Dyslexia campaigners have welcomed a breakthrough in official recognition of the condition which afflicts up to one in 12 young people in the UK.
A government inquiry has prompted the Schools Secretary, Ed Balls, to pledge £10m to train 4,000 teachers to be specialists in dyslexia over the next two years. The specialists will take on responsibility for a cluster of schools so that every state school will have access to expertise in dealing with the condition.
The inquiry, led by Sir Jim Rose, the former Ofsted inspector, concluded: "There is a growing body of evidence on the serious short and long-term effects of dyslexia from the start of education into adolescence and beyond."
Sir Jim's report says early identification of dyslexic difficulties is essential, and the best chance of overcoming the condition is regular and systematic phonics teaching. Teachers should also seek to make use of "seeing, hearing and doing".

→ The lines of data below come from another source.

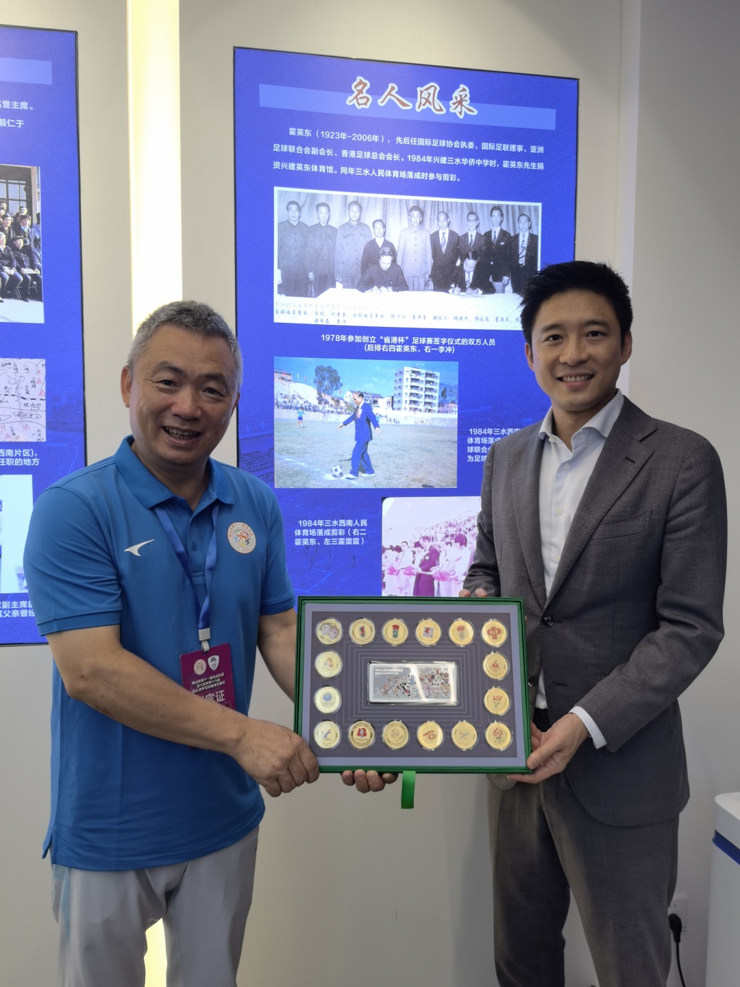 中国香港足球总会主席霍启山现身云秀山体育场,向老教练和小队员赠送足球。1984年,霍启山的祖父、中国香港爱国实业家霍英东先生在云秀山体育场重建落成举行的友谊赛上出席开球礼。如今,霍启山再访云秀山体育场,见证了一段时隔41年的超时空足球佳话。
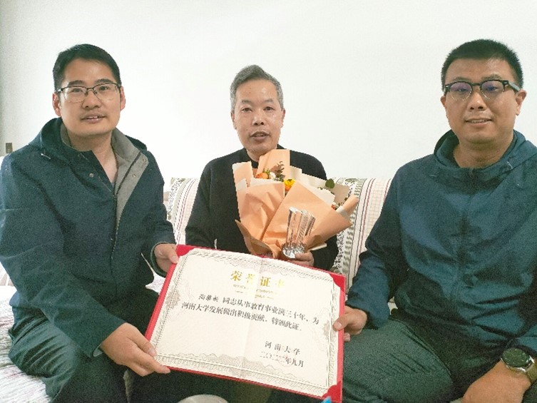 首先,丁志伟播放了区域与城市科学系为从教满三十年教师专门制作的纪录片,全面回顾了受表彰教师三十年的从教历程;其次,徐小军、赵威通过回忆老教师的教科研贡献、点滴生活瞬间,表达了对他们的崇高敬意和内心敬佩;再次,活动举行了表彰仪式,年轻教师为受表彰的老教师颁发了鲜花、证书和奖杯;最后,高建华、秦明周、徐晓霞、陈常优、李二玲五位老师分享了从教经历和科研心得,为年轻老师的快速成长提供了宝贵经验。活动前期,丁志伟、李天奇对因事不能出席活动的陈云增、陶黎新和宋志军老师进行了登门拜访,为他们送上的荣誉证书和成人漫画
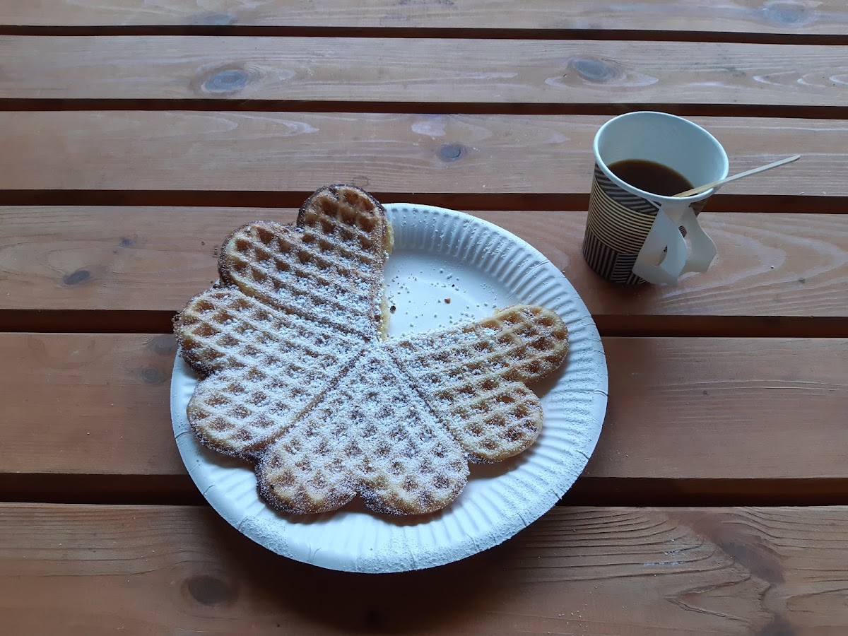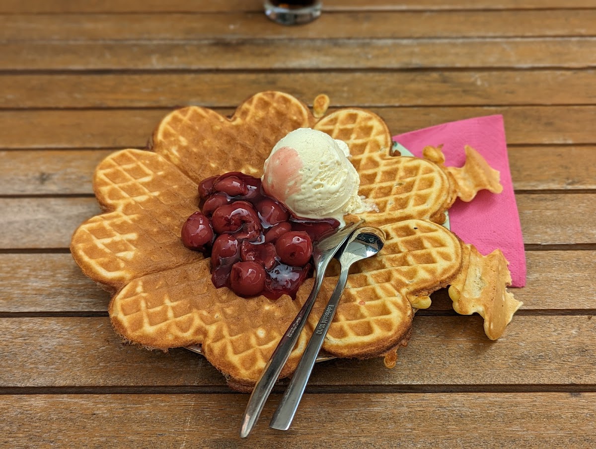 The vibe here leans towards casual and unpretentious. Visitors help themselves at the counter, which adds a relaxed, self-service rhythm to the experience. The menu highlights freshly made waffles, often served with warm cherries and cream or vanilla ice cream, alongside a selection of home-baked cakes like mandarinen-sahne-torte and erdbeertorte. This focus on fresh and homemade sweet treats, paired with coffee classics including eiskaffee topped with vanilla ice cream, makes it an easy choice for a laid-back coffee break or afternoon indulgence.

Mr Balls said that dyslexia often meant "many years of frustration" for pupils. "What this report does is first of all deal once and for all with the question of whether dyslexia exists. It does and it sets a challenge for us."
Judi Stewart, chief executive of the British Dyslexia Association, said: "We are absolutely delighted that Sir Jim Rose has listened to and acted upon the views of the BDA and other key dyslexia organisations.
His suggestions are a real foundation for change and progress: and will improve the education of many children with dyslexia throughout the country."